Il mio
nome è Guglielmo, oppure Mino, come mi chiamava mia madre quando ero piccolo,
quando ancora non mi erano spuntate le corna. Di cognome faccio Tauro, perché
mio padre è un toro, un enorme toro da monta con il mantello bianco. Il mio
patrigno, il crudele marito di mia madre, è cornuto pur senza essere un toro,
ed è un re. È lui che mi ha rinchiuso qui dentro e che mi ha sottratto per
sempre all'affetto della donna che mi ha generato, che io continuo ad amare al
di là delle sue singolari e discutibili preferenze sessuali. Il mio vero padre,
il toro bianco, non si è mai occupato di me.
Vivo
da solo, in una enorme casa con centinaia di stanze, un vero labirinto. Se
decido di andare in soggiorno (uno dei tanti) vago per ore finché mi ritrovo in
camera da letto (una delle tante) e ciò mi addolora e mi deprime. Il vero
problema è quando ho necessità di utilizzare il bagno (uno dei tanti). Finché
si tratta di provvedere a un bisogno piccolo, in qualche modo me la cavo,
perché i corridoi sono tanti e interminabili. Ma se il bisogno è di quelli
grandi e urgenti ci potete scommettere che la stanza da bagno (una delle tante)

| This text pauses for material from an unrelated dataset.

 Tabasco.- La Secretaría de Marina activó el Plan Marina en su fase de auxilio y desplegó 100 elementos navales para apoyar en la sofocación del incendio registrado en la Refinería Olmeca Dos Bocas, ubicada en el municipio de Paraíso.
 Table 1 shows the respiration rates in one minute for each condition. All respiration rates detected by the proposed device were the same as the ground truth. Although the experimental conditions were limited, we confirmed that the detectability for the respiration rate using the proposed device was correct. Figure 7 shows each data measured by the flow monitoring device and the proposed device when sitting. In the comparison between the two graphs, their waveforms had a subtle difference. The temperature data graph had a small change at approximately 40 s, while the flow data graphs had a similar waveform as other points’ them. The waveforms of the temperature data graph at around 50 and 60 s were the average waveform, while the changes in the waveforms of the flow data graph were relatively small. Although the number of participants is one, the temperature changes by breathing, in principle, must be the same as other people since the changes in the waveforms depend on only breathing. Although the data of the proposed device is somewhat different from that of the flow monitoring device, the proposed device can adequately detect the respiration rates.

risulta introvabile e quasi sempre finisce che me la faccio addosso.
Di me
dicono che sono selvaggio e violento, che mi nutro di carne umana.

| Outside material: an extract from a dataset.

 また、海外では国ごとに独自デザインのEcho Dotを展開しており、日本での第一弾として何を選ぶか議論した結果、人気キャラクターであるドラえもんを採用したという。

Assolutamente falso. Mi sono inselvatichito a causa della solitudine. Se avessi
la possibilità di frequentare amici, andare al cinema e a teatro, viaggiare,
sarei l'essere più buono del mondo. Le uniche persone che vedo, ogni tanto,
sono purtroppo anche il mio cibo. E voi, voi che state a criticare, che cosa
fareste al mio posto? Morireste di fame? In realtà io odio cibarmi di carne, di
sola carne. Offrirei senza alcun rimpianto un trancio di tenera fanciulla
ateniese in cambio di una bella insalata fresca. O di una mela.
È da
tanto tempo, ormai, che trascorro tutte le mie giornate in questa enorme casa
senza uscita. Sono stanco, molto stanco. La prossima volta che incontrerò lungo
questi corridoi senza fine l'ennesimo fanciullo con gli occhi sbarrati dal
terrore, invece di massacrarlo e di trasformarlo in cibo lo lascerò vivere. A
quel punto sarà lui a uccidere me, e io lo lascerò fare, perché morire è quello
che voglio. E non mi importa se quel fanciullo un po' vanesio andrà a dire alla
morosa (che magari lo aiuterà a ritrovare l'uscita grazie a un trucchetto da
quattro soldi) e al mondo intero: "Ho ucciso il Minotauro!"
Io
avrò finalmente trovato la pace, alla faccia sua e a quella degli déi!